One thing is sure: Italian pasta [PAH -stah] was not born yesterday. Primordial forms of pasta were present in various parts of Europe and Asia since ancient times. To be more precise, already in the Neolithic Age (about 8000 BC) man began to grow cereals and soon learned to grind them, mix them with water and cook them. It acquired a particularly important position in Italy and in China where it developed separately, producing similar foods but with different materials and techniques.
Pasta – A little bit of history
The first two kinds of pasta in Italy were laganon (hence lasagna) in the south, and makaria (hence maccheroni) in the centre. In an Etruscan tomb (IX – X BC) in Cerveteri archaeologists found some representations of tools still in use to produce homemade pasta in Italy (pastry board, rolling pin and cutter).
The widespread belief of Marco Polo introducing pasta in Italy after his travel to China in 1295 is false. This myth was born in the United States in 1938 because of a magazine article and a popular (but not so truthful) film with Gary Cooper. Pasta was already known in Italy before Marco Polo. Plus Marco Polo was a guest of the Mongolian (and not Chinese) dynasty and the Mongols did not eat pasta. The only Chinese custom that Polo describes is the use of bread tree, from which the Chinese extracted edible masses. Marco Polo says that these masses resembled a layer of lagana, proving so that he already knew pasta before leaving.

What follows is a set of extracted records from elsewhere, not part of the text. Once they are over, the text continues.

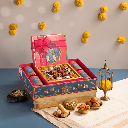 Celebrate every festive moment with Utsav Samanvay, a delightful hamper featuring Dry Fruit Mix, Cashew Butter Biscuits, Kashmiri Dalmooth, Mini Kachori, Kaju Choco Shot, Kaju Rose Laddu, Badam Butter Scotch, and Kaju Mango Delight. Perfect for gifting or family celebrations, this hamper blends sweet, nutty, and savory treats for an indulgent experience.
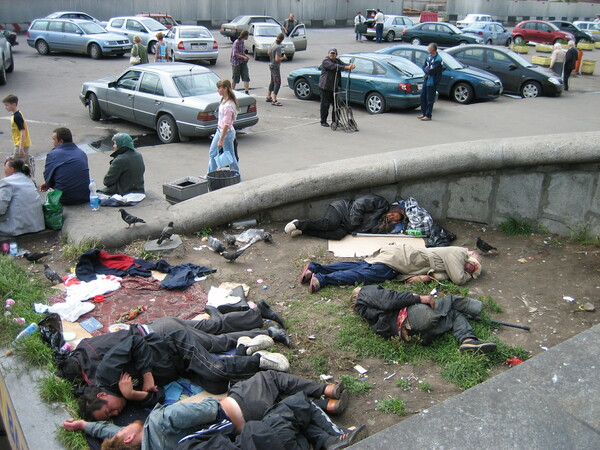 モスクワ市内の駅前で寝ているホームレス。ロシアでも夏場は野外で寝ても 寒くない。冬場はウオッカを呷って路上で倒れていたホームレスもいたが誰も声を掛けない
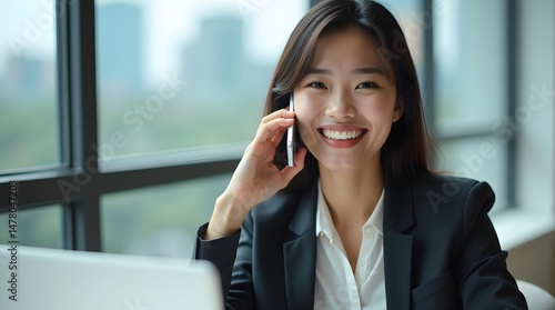 Smiling Asian businesswoman in a suit talking on her phone in a modern office setting.
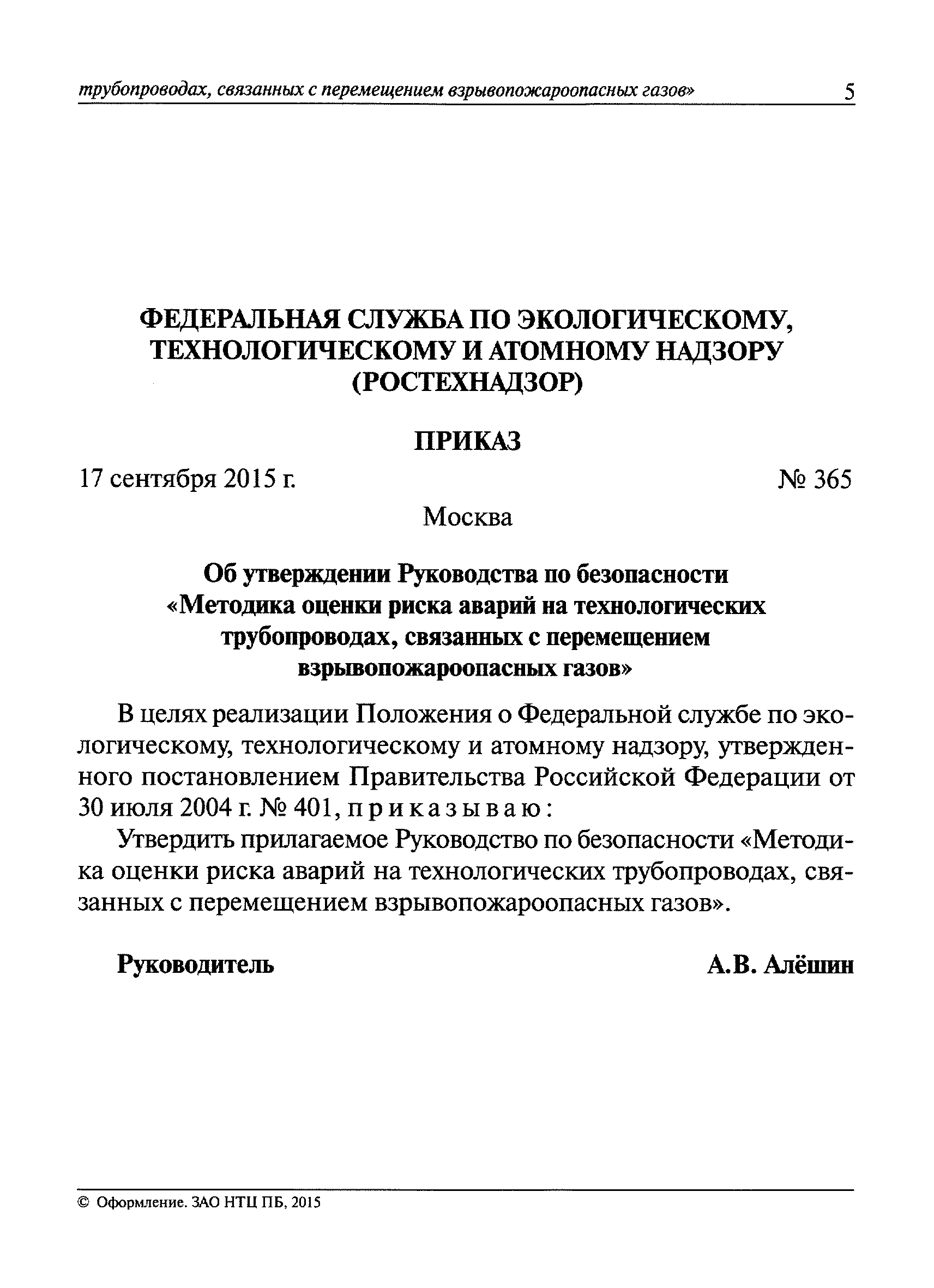 | Утверждён: | 17.09.2015 Федеральная служба по экологическому, технологическому и атомному надзору (365) |
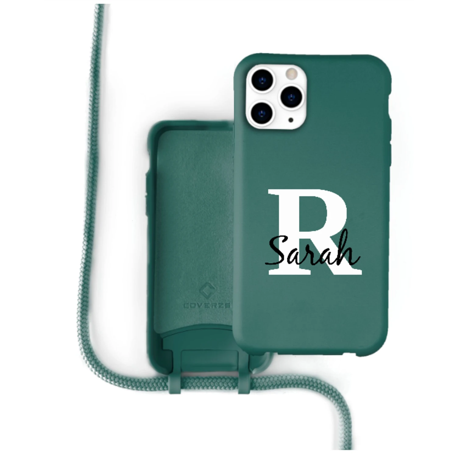 Housse en silicone avec cordon pour iPhone (vert foncé)
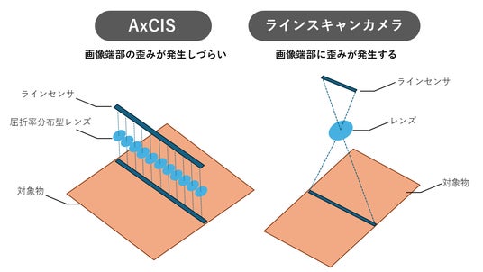 AxCISであればセンサの端部までの屈折率分布型レンズにより歪みの無い画像取得ができる上、補完画素のないセンサ構造のため、寸法計測のアプリケーションにおいて検査安定性の向上に貢献します。
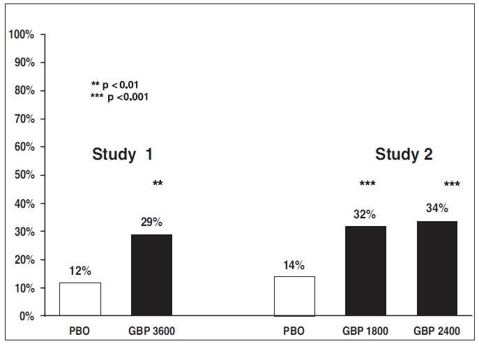 This text appears to be a list showing percentages and statistical values related to a study or studies comparing the impact of different amounts of PBO and GBP (possibly a study on economics or finance). The percentages range from 0% to 100%, with indication of significance (p<0.01 and p<0.001). The studies are labeled as Study 1 and Study 2, hinting at a comparative analysis.*
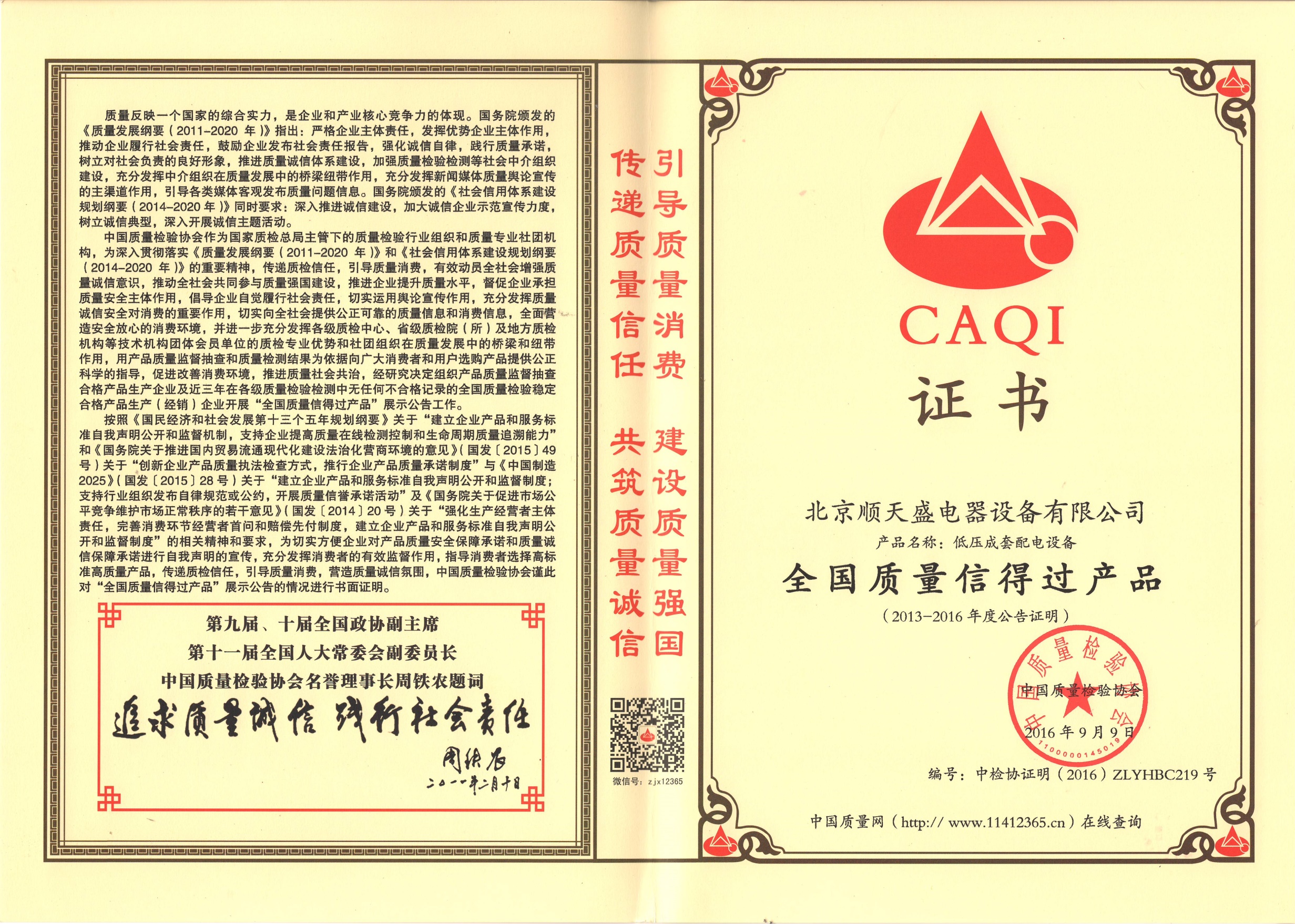 全國質(zhì)量信得過(guò)產(chǎn)品

Only around 1051 Italians started to use the generic Latin word pasta, meaning ”flour mixed with water”. It is made made of durum wheat flour (but also other cereals or grains) mixed with water or eggs and formed in various shapes. By the term pasta we normally define also a first course with pasta as main ingredient, accompanied by a sauce.
Among the first written testimonies:
- The 1221 chronic by Friar Salinbene da Parma in which the author describes a chubby friar, Giovanni da Ravenna: “I never saw anybody eating so willingly of lasagna with cheese”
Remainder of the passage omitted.